Title：Irregular Computations on Modern Parallel Processors
Irregular computations exist in a number of computational problems in real-world applications. Researchers have been always looking for faster parallel algorithms for irregular problems in the last decades. Recently, the emergence of many-core processors has introduced more conflicts between algorithm efficiency and scalability. On one hand, many-core processors require a large amount of fine-grained tasks to saturate their resources, on the other, the irregular data structure brings difficulties to the task partitioning. This talk will use sparse matrix algorithms as a representative of irregular problems, and discuss the scalability of existing work and our newly designed data structures, such as the CSR5 format (ICS ’15), and algorithms, such as sparse matrix transposition (ICS '16), sparse matrix-vector multiplication (ICS ’15 and Parco), sparse triangular solve (Euro-Par ‘16) and sparse matrix-matrix multiplication (IPDPS ’14 and JPDC).

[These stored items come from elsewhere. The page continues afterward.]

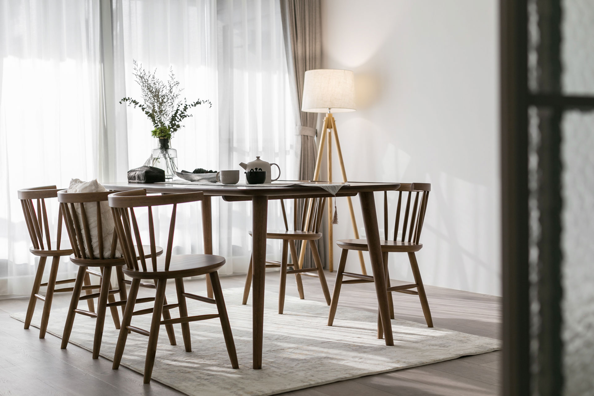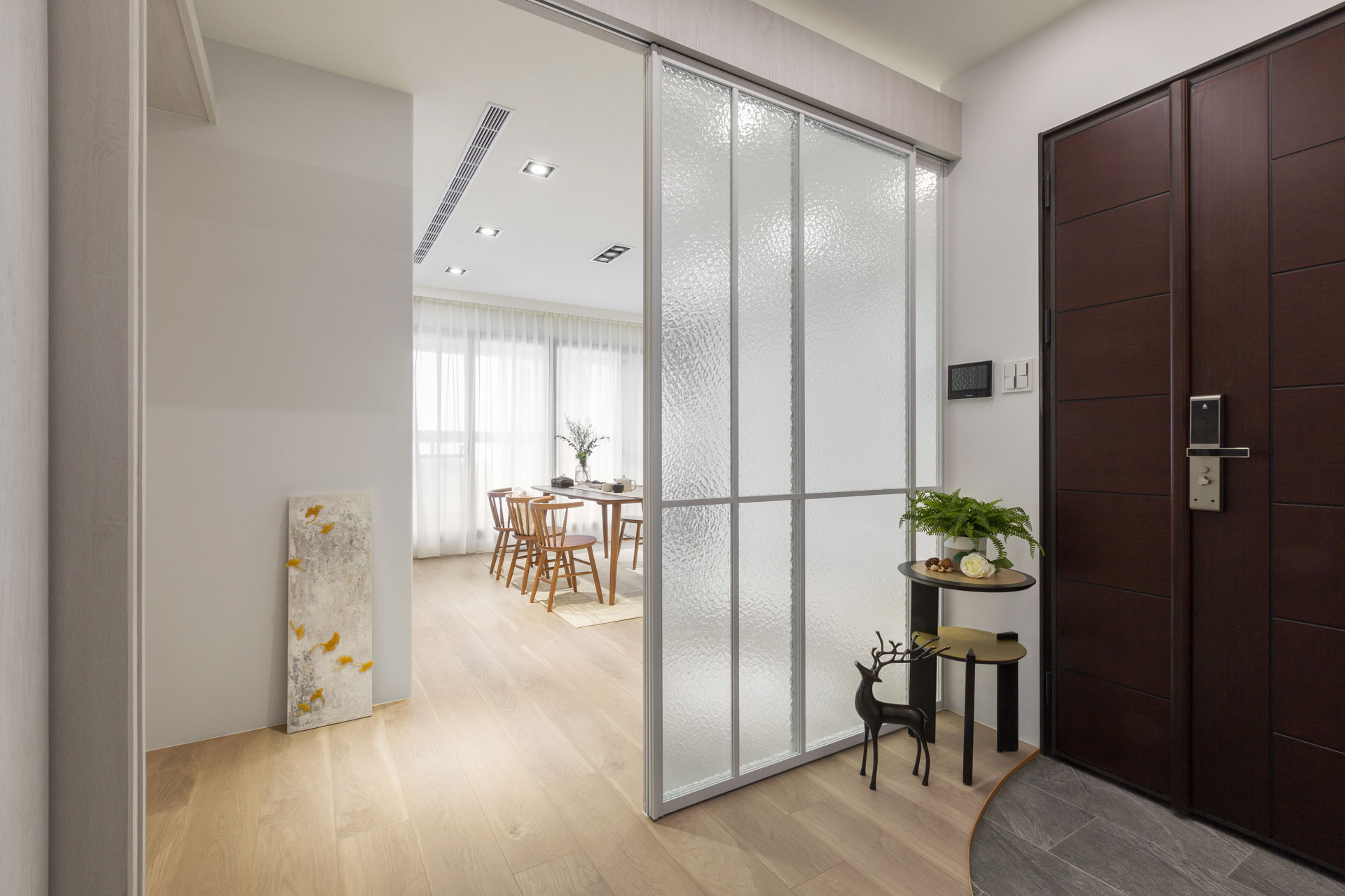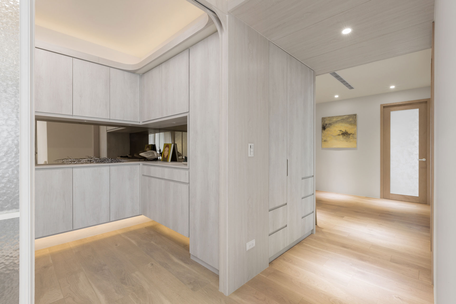 整體居家以大麥白與大地色系為基調,往深處走去,兩大儲藏室空間用隱藏門的模式,暗自隱身在銀河白的壁板內。餐廳區域使用可變型餐桌,薄型陶板可呈現大團圓桌與咖啡方桌的模樣。這是各家人從房間步出後的第一個集散地,因格局將對外窗留給每間臥室,後決定每扇門也都使用木框嵌透明玻璃夾棉紗方式,導入四個房間內的陽光到餐廳區域,居家的中心地帶也有充足的光線被照亮。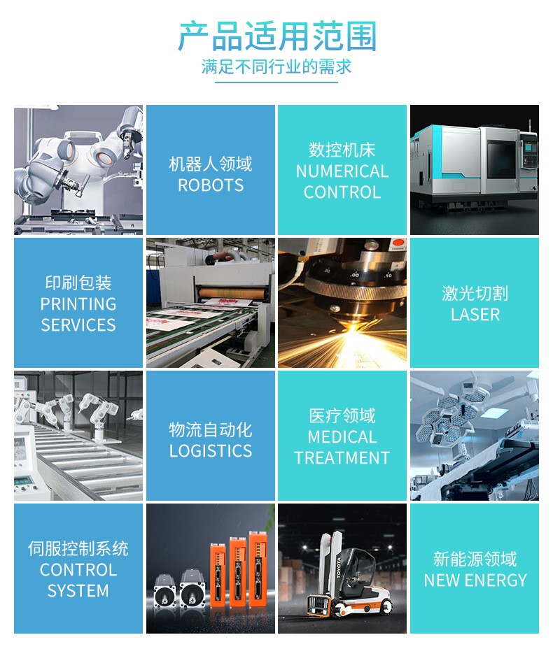应用设备: 医疗器械、物流输送、工业机器人、自动化装配、自动化生产线、新能源叉车、履带机器人、AGV搬运车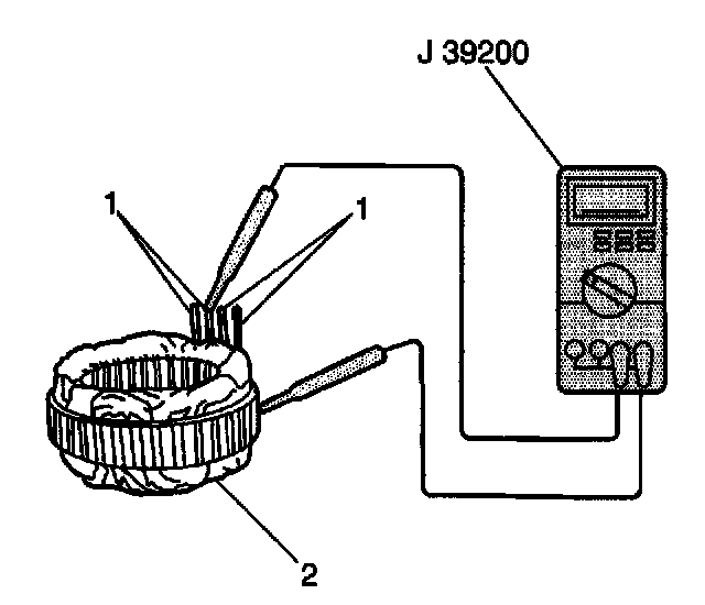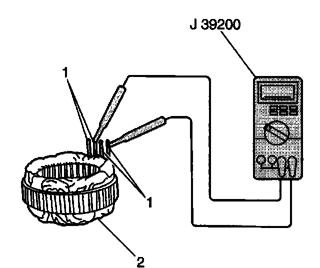 5. Measure the resistance between all stator leads (1) and the stator core using the J 39200. If the resistance is less than 5 ohms, replace the stator.

Furthermore, the newly introduced high-bandwidth on-package memory (OPM) is another interesting and helpful feature of modern parallel processors, because it innovates the conventional memory hierarchy by augmenting a new on-package layer between classic on-chip cache and off-chip DRAM. This talk will demonstrate our experimental results of a comprehensive evaluation for a wide spectrum of computational kernels, in particular irregular ones, with a large amount of representative inputs on two Intel OPMs: eDRAM on multicore Broadwell and MCDRAM on manycore Knights Landing. Guided by our general optimization models, we demonstrate OPM’s effectiveness for easing programmers’ tuning efforts to reach ideal throughput for both compute-bound and memory-bound applications (SC ’17).
Weifeng Liu is currently a Research Scientist at the Department of Computer Science of the Norwegian University of Science and Technology in Trondheim, Norway. He is also a Marie Curie Fellow of the European Union. He received his Ph.D. in 2016 from University of Copenhagen, Denmark. Before he moved to Copenhagen, he has been working as a Senior Researcher in high performance computing technology at SINOPEC Exploration & Production Research Institute for about six years (2006-2012). He also has been shortly working as a Research Associate at STFC Rutherford Appleton Laboratory, UK, in 2016. He received his B.E. degree and M.E. degree in computer science, both from China University of Petroleum, Beijing, in 2002 and 2006, respectively. His research interests include numerical linear algebra and parallel computing, particularly in designing parallel and scalable algorithms and data structures for sparse matrix computations on throughput-oriented architectures.